HARPS: An Online POMDP Framework for Human-Assisted Robotic Planning and Sensing
Luke Burks, Hunter M. Ray, Jamison McGinley, Sousheel Vunnam, and, Nisar Ahmed

TL;DR
HARPS is an innovative framework that combines online POMDP planning, semantic human-robot interaction, and Bayesian data fusion to enhance autonomous robot decision-making in uncertain environments.
Contribution
It introduces a novel integrated approach for active semantic sensing and planning that leverages human input and Bayesian updates within an online POMDP framework.
Findings
Significant reduction in search time and improved belief accuracy in simulations.
Doubling of target capture rate in human-robot experiments.

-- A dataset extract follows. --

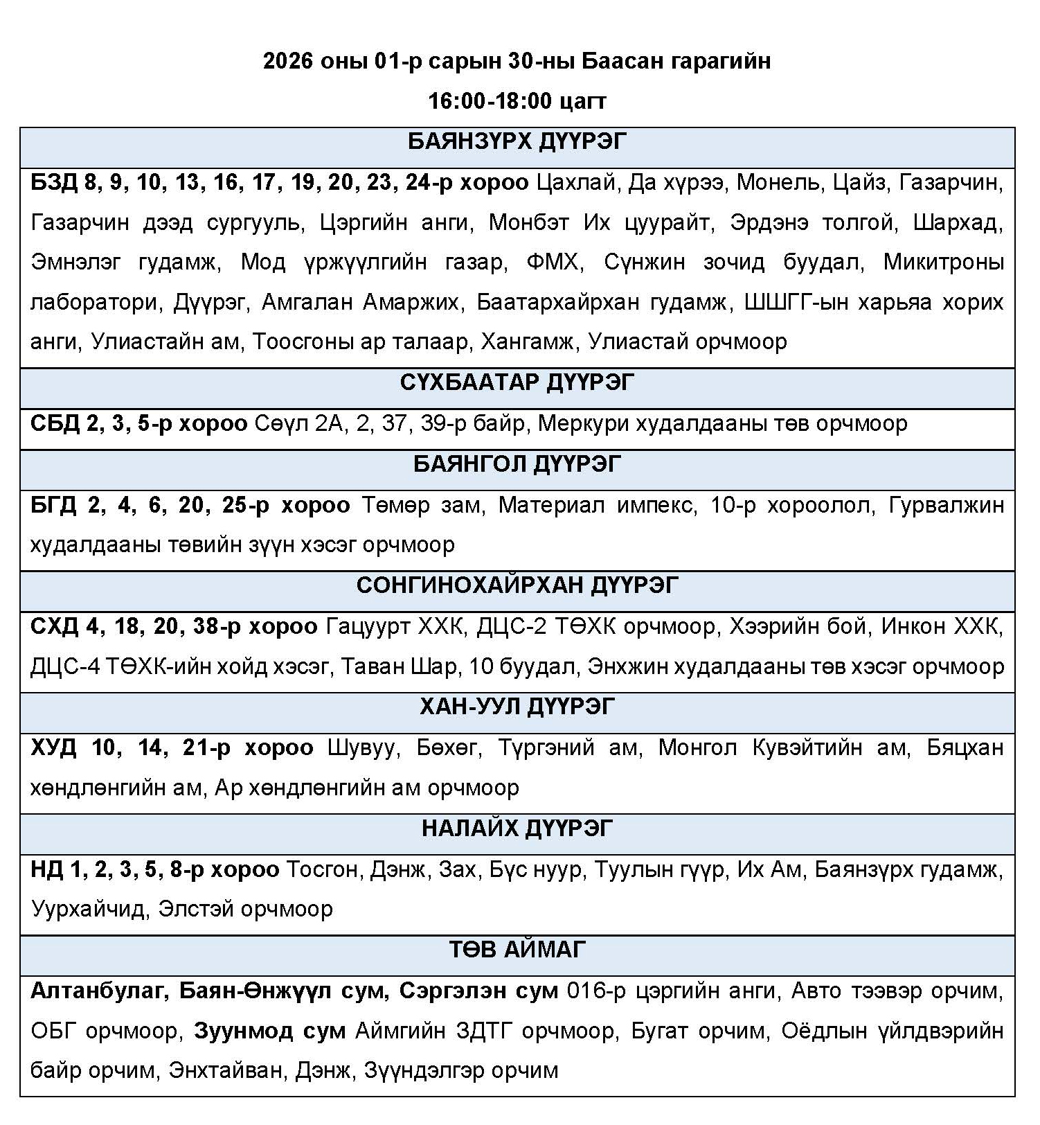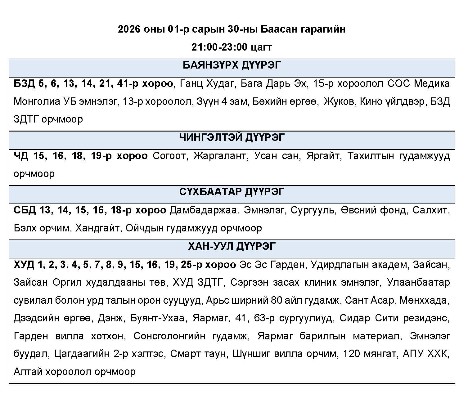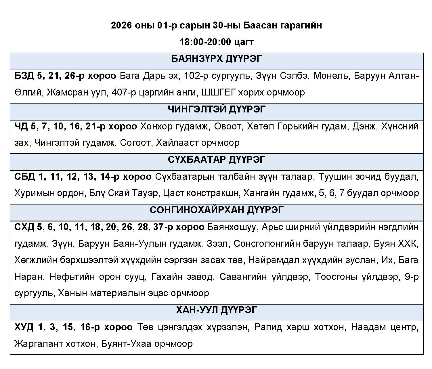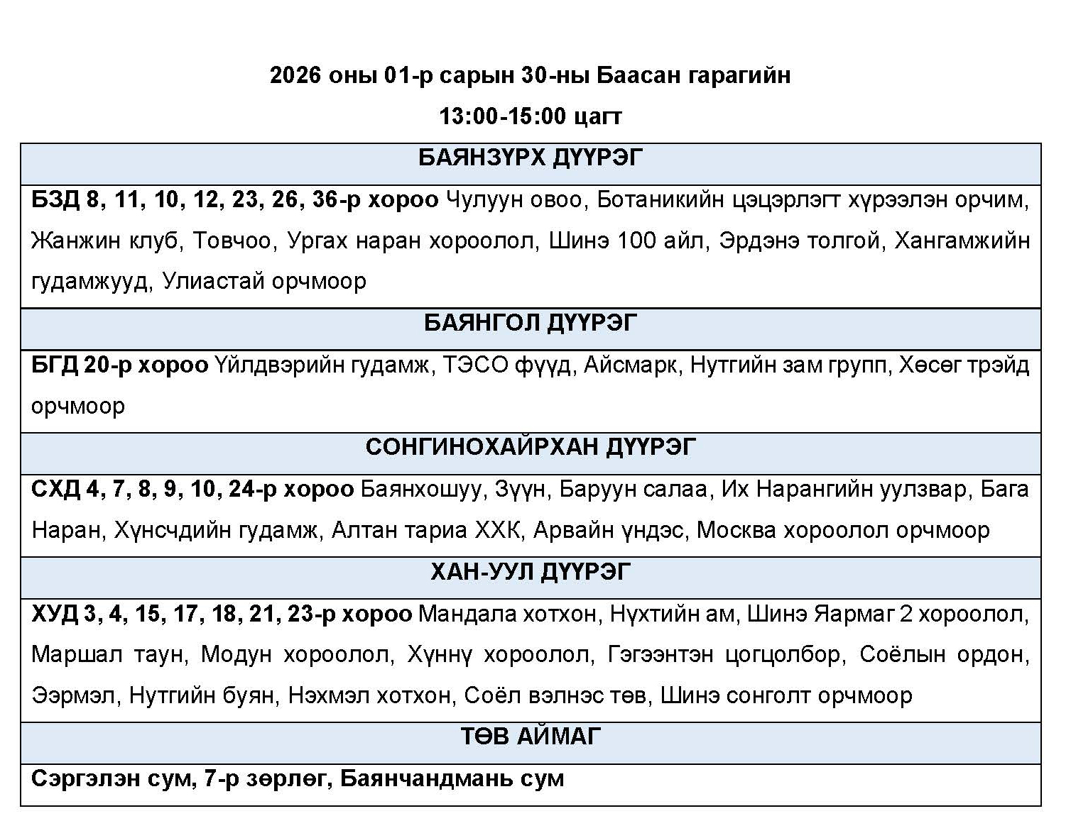 2026 оны 01-р сарын 30-ны Баасан гарагт цахилгаан эрчим хүчний “ХЯЗГААРЛАЛТ ХИЙХ” байршлуудын хуваарь

Robustness of semantic sensing across diverse user interactions.
Abstract
Autonomous robots can benefit greatly from human-provided semantic characterizations of uncertain task environments and states. However, the development of integrated strategies which let robots model, communicate, and act on such 'soft data' remains challenging. Here, the Human Assisted Robotic Planning and Sensing (HARPS) framework is presented for active semantic sensing and planning in human-robot teams to address these gaps by formally combining the benefits of online sampling-based POMDP policies, multimodal semantic interaction, and Bayesian data fusion. This approach lets humans opportunistically impose model structure and extend the range of semantic soft data in uncertain environments by sketching and labeling arbitrary landmarks across the environment. Dynamic updating of the environment model while during search allows robotic agents to actively query humans for novel and…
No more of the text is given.